Старик испил из чаши, и отставил её, опустевшую, в строну.
– Но вот вопрос. Было ли новостью для Бату-хагана, о чем ему рассказали два переметчика? О, мы внимательно изучаем каждую землю, перед тем как идти в неё воевать… Вы, русские, не поняли наших устремлений. Мы пришли, и сказали вам, – дайте нам десятую долю в князьях, людях, и лошадях. Вы – что рязанцы, что суздальцы – решили одинаково: людей и лошадей не дадим, откупимся богатыми дарами, одноразовой данью златом… Глупцы! Мы не пришли в набег за добычей, хоть она и радует сердца воинов… Цель наша раскинуть монгольское царство от края до края земли, под властью единого закона! Если бы вы согласились стать под крыло Бату, мы усилившись вами двинулись бы в земли венгерские, польские, и далее. И мы все равно дойдем туда! До краев последнего моря! Но нельзя растягивать пути следования полков, без надежного подвоза, и нельзя оставлять у себя в тылу богатую людьми и крепостями землю, откуда по тебе могут нанести удар… Поэтому нам сперва придется пройти по Руси. Отложив дальний поход, стереть ваши крепости, посеять страх, чтоб когда мы пойдем далее, никто не смел думать о том, чтобы вставить нам нож в спину. Милосердный Бату-хаган дал вам время одуматься. Вы же продолжали предлагать только больше золота. Бату-хаган наблюдал, не соберете ли вы крупное войско? – Каждый князек держал свои дружины при себе… Вы разобщены, и мы возьмем сперва Рязань, потом Суздаль, и так всю Русь влоть до волховского Новогорода. Скоро, как только мороз полностью окует землю и реки. Но войска великого мунгальского царства никогда не начинают неправедных войн. Они только восстанавливают справедливость, и мстят за оскорбления. Бату-хаган попросил у князя Феодора отдать его жену… Феодор оскорбил хагана… Свершилось, что должно было свершиться. Разве я не сказал тебе, что Бату-хаган не подвержен порывам горячей крови?..
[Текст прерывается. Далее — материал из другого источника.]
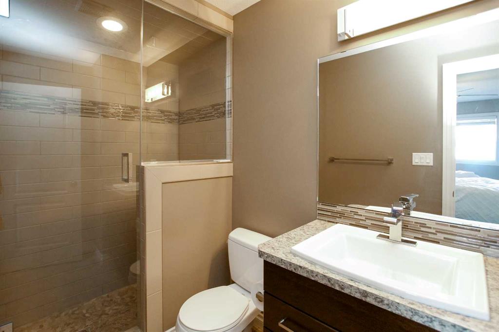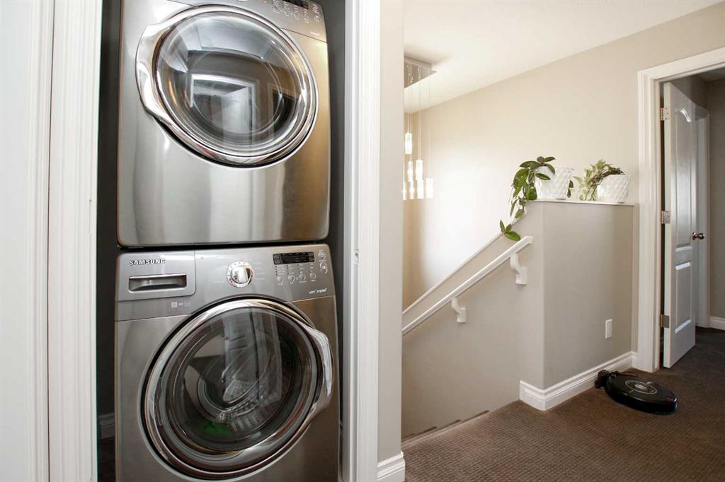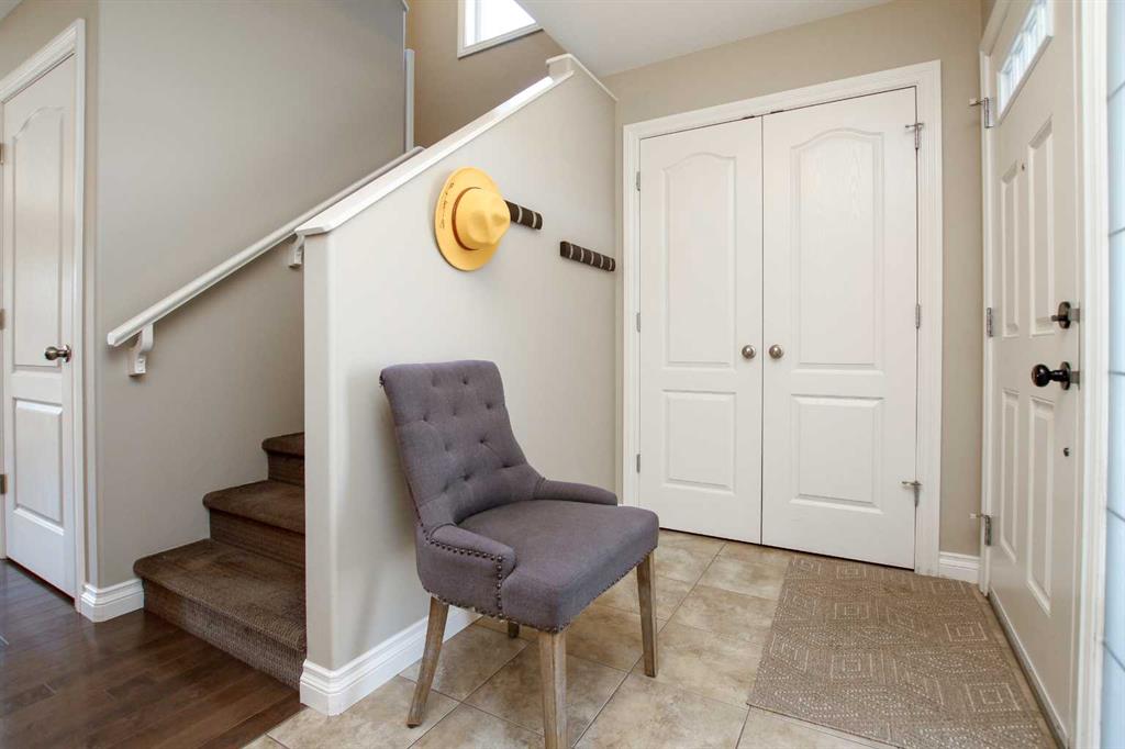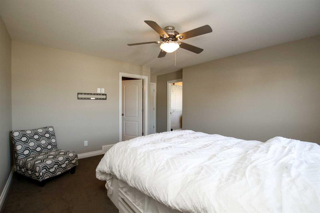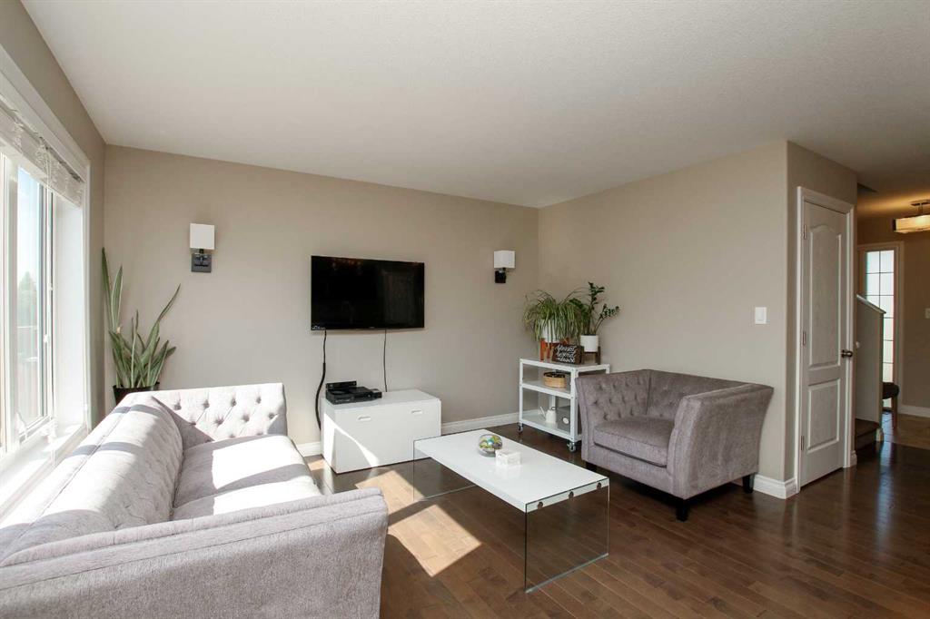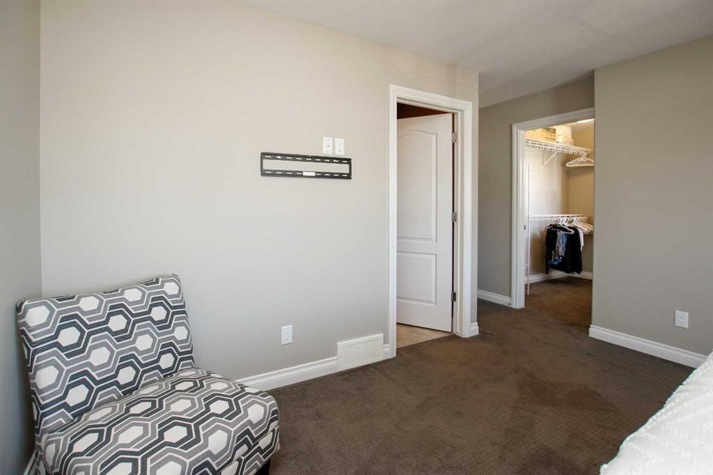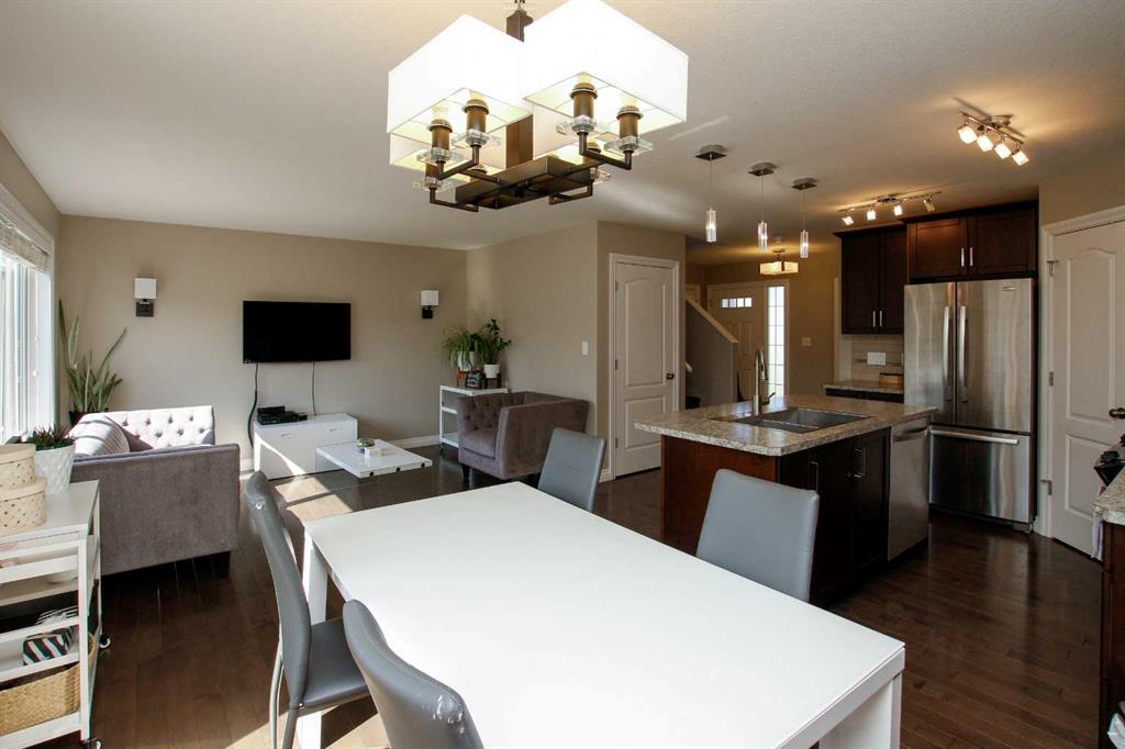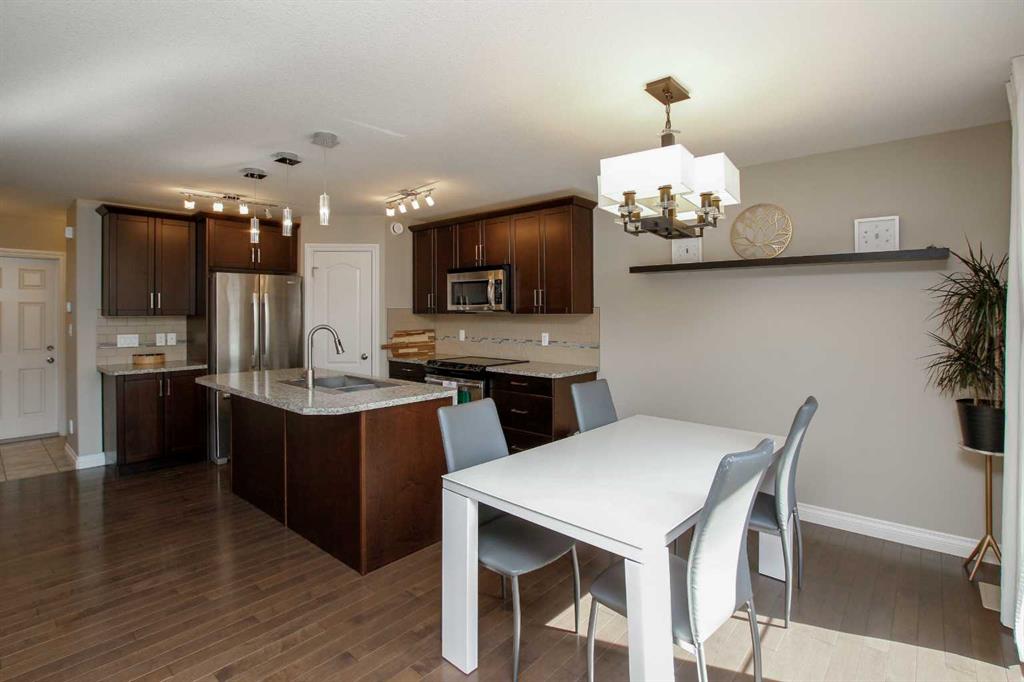 3 BEDROOM, 3 BATHROOM SEMI DETACHED 2 STOREY IN WESTLAKE ~ ATTACHED GARAGE ~ ~ Covered front entry welcomes you to this well cared for home loaded with upgrades ~ Spacious foyer with a large coat closet and convenient access to the attached garage ~ The open concept layout is complemented by 9ft. ceilings and hardwood flooring that creates a feeling of spaciousness ~ The living room features a large west facing picture window that overlooks the backyard and allows for natural light to fill the space ~ The kitchen offers a functional layout with plenty of dark stained cabinets, ample counter space including an island with an eating bar, full tile backsplash and a walk in corner pantry ~ The dining room offers sliding door access to the west facing deck with a privacy wall, and backyard with no neighbours behind ~ 2 piece main floor bathroom ~ The primary bedroom offers plenty of space for a king size bed and furniture, plus a spacious walk in closet with built in organizers, and an ensuite featuring a walk in steam shower ~ 2 additional bedrooms are both a generous size with ample closet space and are conveniently located next to a 4 piece bathroom ~ Stackable front load laundry pair is located on the upper level ~ The basement has high ceilings, bathroom plumbing roughed in, and awaits your future development with plenty of space for a family room, full bathroom and a bedroom ~ Underfloor heat and central vacuum are roughed in ~ The west facing backyard with no neighbours behind is landscaped and fully fenced ~ 21' long x 13'6" wide attached garage is insulated and finished with paint ready drywall ~ Located close to all amenities including; shopping, dining, Red Deer Poly, multiple schools, parks, trail system, and Heritage Ranch with easy access to downtown, the hospital and highway access ~ Pride of ownership is evident in this well cared for home.

Межислав рыча бился в бешенстве. Четверо мунгальских воинов едва держали его. Тщетно он рвал руки, пытаясь ослабить путы. Крепок, умело повязан сыромятный ремень. скорее кровь разорвет от натуги жилы, чем лопнет выделанная кожа…
– Не будет по-вашему, – обессилев прокакркал он. – Русь взять!.. Подавитесь… Кровью отхаркивать придется… Ну чего ждешь, неясыть одноглазая?! Не боюсь! Руки связал!.. Режь давай!
Старик бесстрастно смотрел на него, ждал пока Межислав не выдохся. Потом дал знак.
Стоявший сзади нукер вынул нож, и одним движением располосовал сыромятный ремень на Межиславовых руках.
– Я же сказал, что выпросил твою жизнь у хагана. Иди. Тебя проводят. Там лошадь. В переметных сумах – еда. При седле – меч. Из стана тебя выведут. Дальше – как знаешь.